**Data**
'''

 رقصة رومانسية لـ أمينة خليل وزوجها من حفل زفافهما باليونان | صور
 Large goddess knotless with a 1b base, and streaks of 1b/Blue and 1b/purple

'''
'''

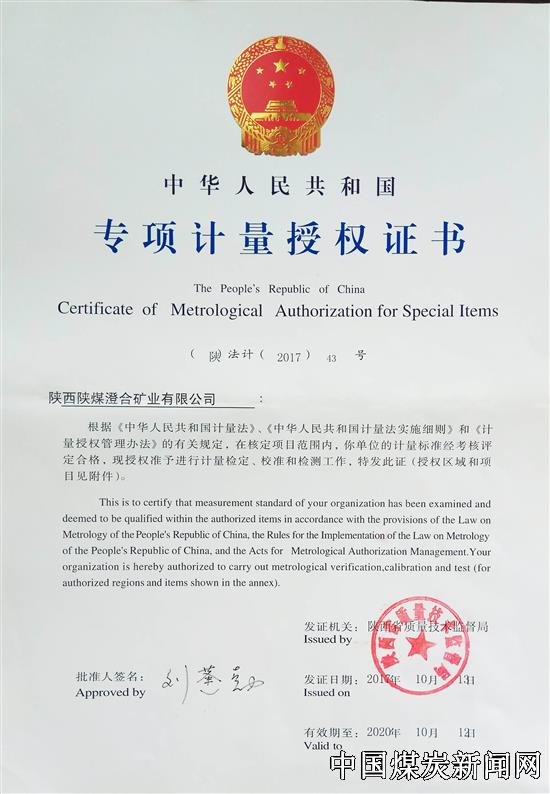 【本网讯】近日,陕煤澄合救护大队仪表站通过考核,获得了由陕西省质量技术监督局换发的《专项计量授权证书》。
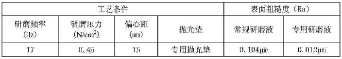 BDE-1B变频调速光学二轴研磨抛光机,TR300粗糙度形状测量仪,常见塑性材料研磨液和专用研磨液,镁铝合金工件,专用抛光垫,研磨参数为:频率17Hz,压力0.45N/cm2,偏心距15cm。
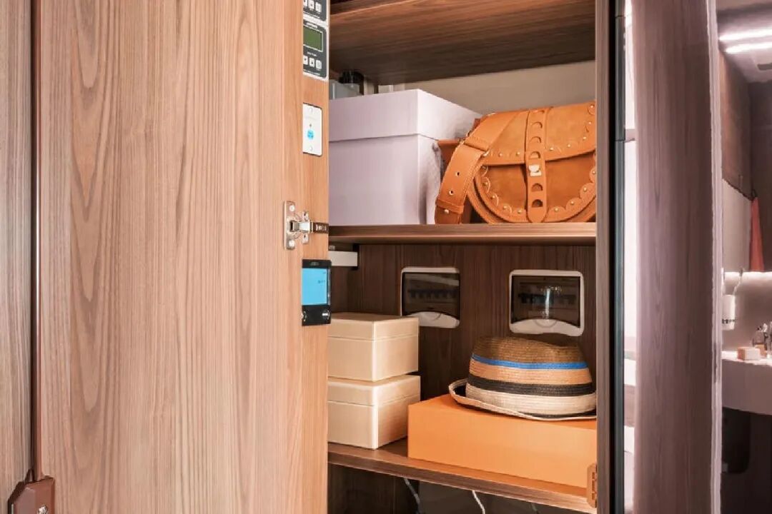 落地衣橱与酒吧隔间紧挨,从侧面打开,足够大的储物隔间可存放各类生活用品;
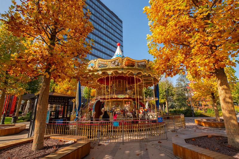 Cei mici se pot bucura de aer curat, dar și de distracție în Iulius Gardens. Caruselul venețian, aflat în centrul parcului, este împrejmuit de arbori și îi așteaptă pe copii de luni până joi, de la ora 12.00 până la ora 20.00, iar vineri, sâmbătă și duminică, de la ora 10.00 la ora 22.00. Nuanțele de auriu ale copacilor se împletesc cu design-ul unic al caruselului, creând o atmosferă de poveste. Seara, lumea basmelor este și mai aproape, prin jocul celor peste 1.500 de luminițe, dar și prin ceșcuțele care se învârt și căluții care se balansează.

'''

**What you will do**
Produce a word-for-word copy of everything above from the line holding "رقصة رومانسية لـ" down to the line holding "Large goddess knotless", with both of those lines kept.

**Solution for this task**
 رقصة رومانسية لـ أمينة خليل وزوجها من حفل زفافهما باليونان | صور
 Large goddess knotless with a 1b base, and streaks of 1b/Blue and 1b/purple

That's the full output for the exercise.